UNITED STATES

SECURITIES AND EXCHANGE COMMISSION

Washington, D.C. 20549

 

FORM 8-K

 

CURRENT REPORT

Pursuant to Section 13 or 15(d)

of the Securities Exchange Act of 1934

Date of Report (Date of earliest event reported): December 17, 2019

 

ACHIEVE LIFE SCIENCES, INC.

(Exact name of Registrant as Specified in Its Charter)

 

 

Delaware

 

033-80623

 

95-4343413

(State or Other Jurisdiction

of Incorporation)

 

(Commission

File Number)

 

(IRS Employer

Identification No.)

 

 

1040 West Georgia, Suite 1030

Vancouver, B.C., Canada

 

V6E 4H1

(Address of Principal Executive Offices)

 

(Zip Code)

Registrant’s Telephone Number, Including Area Code: (604) 210-2217

N/A

(Former Name or Former Address, if Changed Since Last Report)

 

Check the appropriate box below if the Form 8-K filing is intended to simultaneously satisfy the filing obligation of the registrant under any of the following provisions (see General Instruction A.2. below):

 

Written communications pursuant to Rule 425 under the Securities Act (17 CFR 230.425)

 

Soliciting material pursuant to Rule 14a-12 under the Exchange Act (17 CFR 240.14a-12)

 

Pre-commencement communications pursuant to Rule 14d-2(b) under the Exchange Act (17 CFR 240.14d-2(b))

 

Pre-commencement communications pursuant to Rule 13e-4(c) under the Exchange Act (17 CFR 240.13e-4(c))

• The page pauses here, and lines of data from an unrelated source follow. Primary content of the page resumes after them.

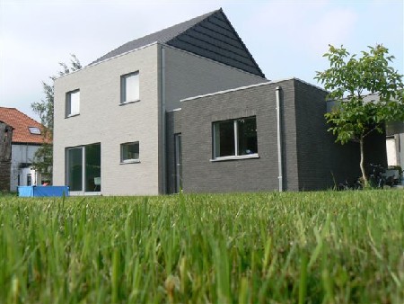 Passiefhuizen werden oorspronkelijk veelal uitgevoerd in houtskeletbouw, maar het is ook perfect mogelijk met traditionele bouwtechnieken en materialen zoals deze realisatie laat zien. De woning haalt een E-peil van 46 en een K-waarde van 17. Volgens Recticel en Wienerberger biedt het principe massief passiefbouw heel wat voordelen ten opzichte van de ‘traditionele’ passiefwoningen. Doordat hiervoor de traditionele materialen en technieken gebruikt worden, is de drempel voor de bouwheer en ontwerper veel kleiner en bovendien kan zo mee geprofiteerd worden van de thermische inertie van baksteen. Baksteen kan de warmte accumuleren en die op koudere momenten weer vrijgeven, hetgeen resulteert in een constante temperatuur zonder warmte- of koudepieken.
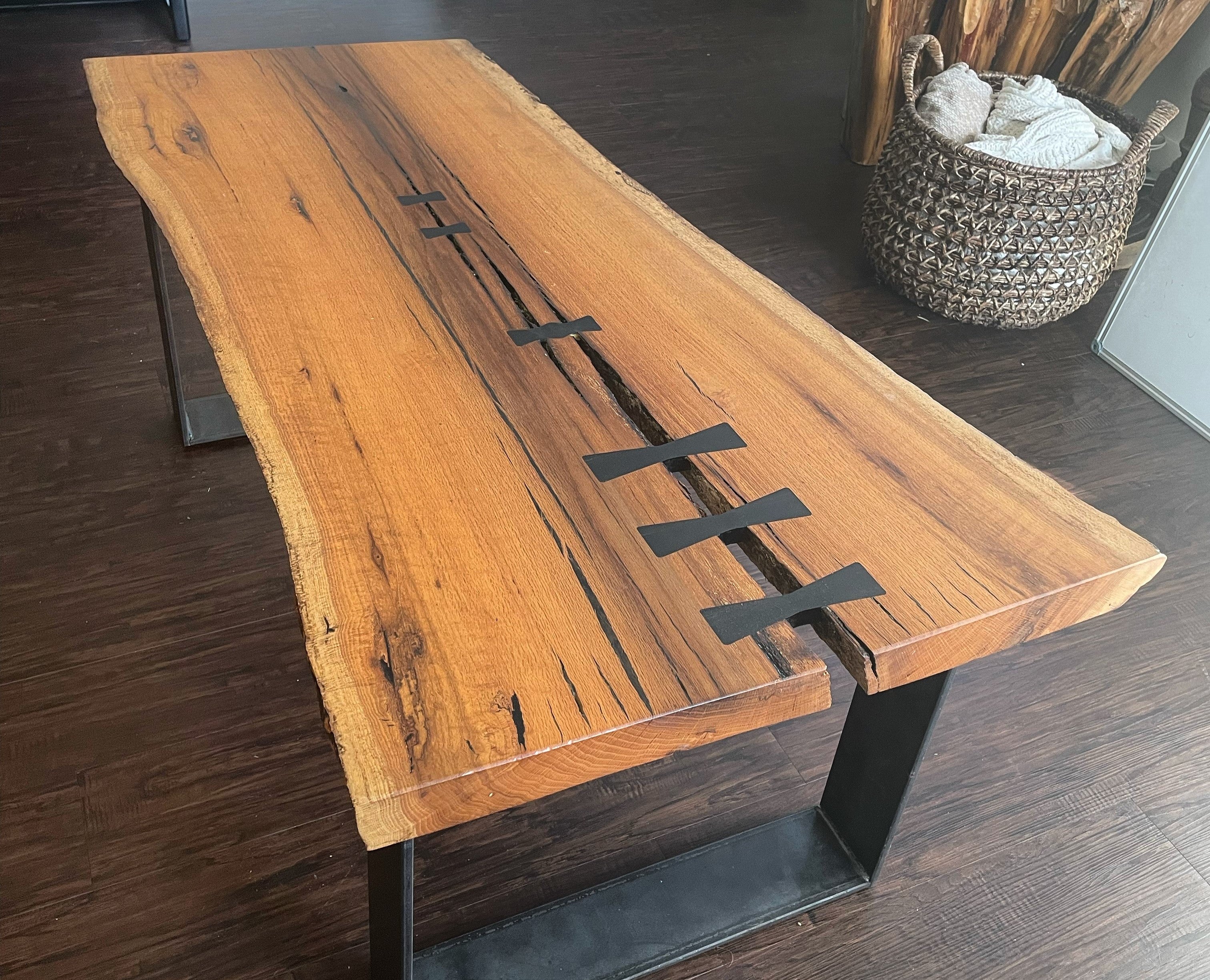 Custom White Oak Coffe Table with Ebony Bowtie Inlay
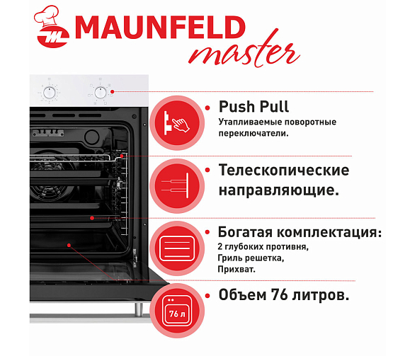 Духовой шкаф Maunfeld EOEF.766W из коллекции Master — это новое слово в кухонной бытовой технике. При стандартных размерах объем камеры увеличился до 76 л, это позволяет готовить блюда сразу на нескольких уровнях, экономя время. В комплектацию входят телескопические направляющие. Управление осуществляется при помощи утапливаемых ручек PUSH PULL, а за настройку таймера отвечают сенсорные кнопки. Дверца духового шкафа из тройного стекла и тангенциальное охлаждение создают холодный фронт и делает процесс приготовления безопасным.

Securities registered pursuant to Section 12(b) of the Act:

Title of each class

Trading Symbol

Name of exchange on which registered

Common Stock, par value $0.001 per share

ACHV

The NASDAQ Capital Market

Indicate by check mark whether the registrant is an emerging growth company as defined in Rule 405 of the Securities Act of 1933 (§230.405 of this chapter) or Rule 12b-2 of the Securities Exchange Act of 1934 (§240.12b-2 of this chapter).

Emerging growth company  

If an emerging growth company, indicate by check mark if the registrant has elected not to use the extended transition period for complying with any new or revised financial accounting standards provided pursuant to Section 13(a) of the Exchange Act.  

 

 

 


ITEM 1.01

Entry into a Material Definitive Agreement

On December 17, 2019, Achieve Life Sciences, Inc., a Delaware corporation (the “Company”), entered into an Underwriting Agreement (the “Underwriting Agreement”) with Ladenburg Thalmann & Co. Inc. (the “Underwriter”), pursuant to which the Company agreed to issue and sell, in a registered public offering by the Company (the “Public Offering”), (a) 9,577,504 Class A Units (the “Class A Units”), with each Class A Unit consisting of one share of the Company’s common stock, par value $0.001 per share (the “Common Stock”), and a warrant to purchase one share of Common Stock (each warrant exercisable for one whole share of Common Stock, a “Warrant”), with each Class A Unit to be offered to the public at an offering price of $0.60 per Class A Unit and (b) 6,256 Class B Units (the “Class B Units”, and collectively with the Class A Units, the “Units”), with each Class B Unit consisting of one share of Series B Preferred Stock, par value $0.001 per share (the “Series B Preferred Stock”), convertible into 1,666 shares of Common Stock and Warrants to purchase 1,666 shares of Common Stock, with each Class B Unit to be offered to the public at an offering price of $999.60 per Class B Unit.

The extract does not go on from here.